I would love to test this in a more empirical manner, as I can now boot into either kernel to do comparisons, but I don't know of any software that would allow me to benchmark performance in a way that is sensitive to the optimizations the BFS allegedly implements.
Sorry dude, it looks like it's a hardware specific problem. I did that on nearly 700G of large files and then fired up the flight sim while it was still going. The only slow down was on file related activity, which is totally what you'd expect. I had it running full screen across two monitors without any drop in frame rate. AND I'm using economy hardware.
Funnyhacks - Wierd, unusual, and fun hacks
I've encountered situations where I'm trying to do something online and a task starts up due to a cron job that builds some kind of index. The index building should be in the background but somehow takes priority over what I'm doing on the desktop. Those kinds of cron jobs should be default scheduled in the background, not take priority over what is happening on the desktop.
That's great that you post your experiences with server scheduling in a topic about desktop scheduling. It's so relevant. No wait, it's not.
The boundary between the desktop space and the server space is rather fluid, and many of the problems visible on servers are also visible on desktops - and vice versa.
For example 'copying a large amount of data' on a server is similar to 'copying a big ISO on the desktop'. If the kernel sucks doing one then it will likely suck when doing the other as well.
So both cases should be handled by the kernel in an excellent fashion - with an optimization/tuning focus on desktop workloads, because they are almost always the more diverse ones, and hence are generally the technically more challenging cases as well.
Thanks,
Ingo
I often note that multiple simultaneous low-priority file copies implemented as:
run faster than multiple simultaneous high-priority copies implemented as:
If the copies are run one at a time, the higher priority rsync runs faster. For multiple copies, often the lower priority rsyncs run faster. Also, desktop usability is much improved with the lower priority rsyncs.

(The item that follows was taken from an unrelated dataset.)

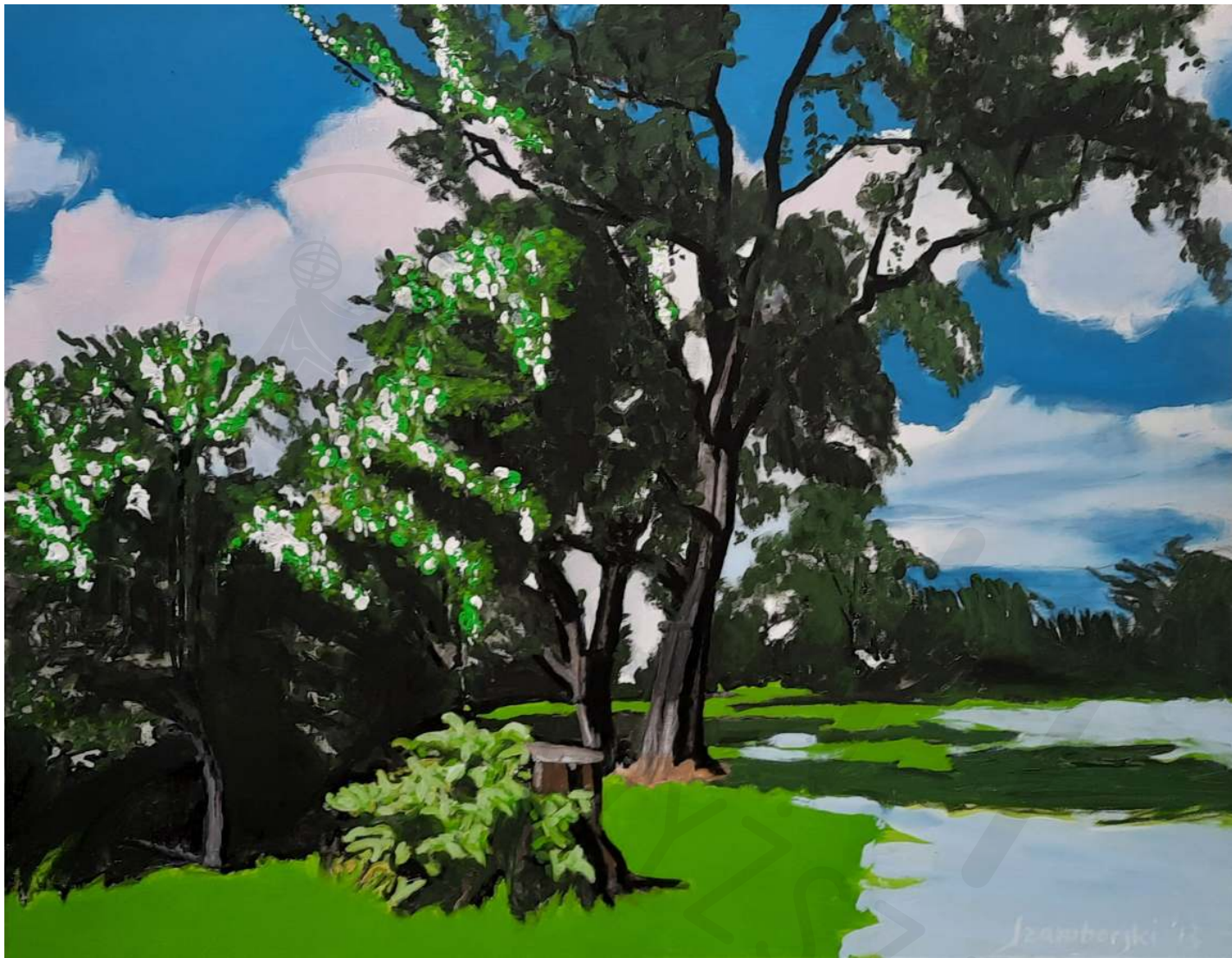
Pod drzewem plótno, akryl Under the tree canvas, acrylic 70 x 90 cm 2013

I suspect a priority inversion occurs inside the file systems write back cache. At regular priority levels, data is not written back to disk in a timely manner. The ionice -c 3 gives the disk caches a higher priority than the rsync I/O commands, preventing the I/O commands from filling the cache and creating a priority inversion.
The Gnome GUI in Ubuntu is particularly vulnerable to this priority inversion, as by default it does multiple copies simultaneously inside a separate window. Ubuntu usually performs better than Windows however. Between the A-V software in Windows, and the tendency to swap applications out of memory to maximize disk cache, Windows usually performs the same copy operations more slowly than Ubuntu and with less system responsiveness.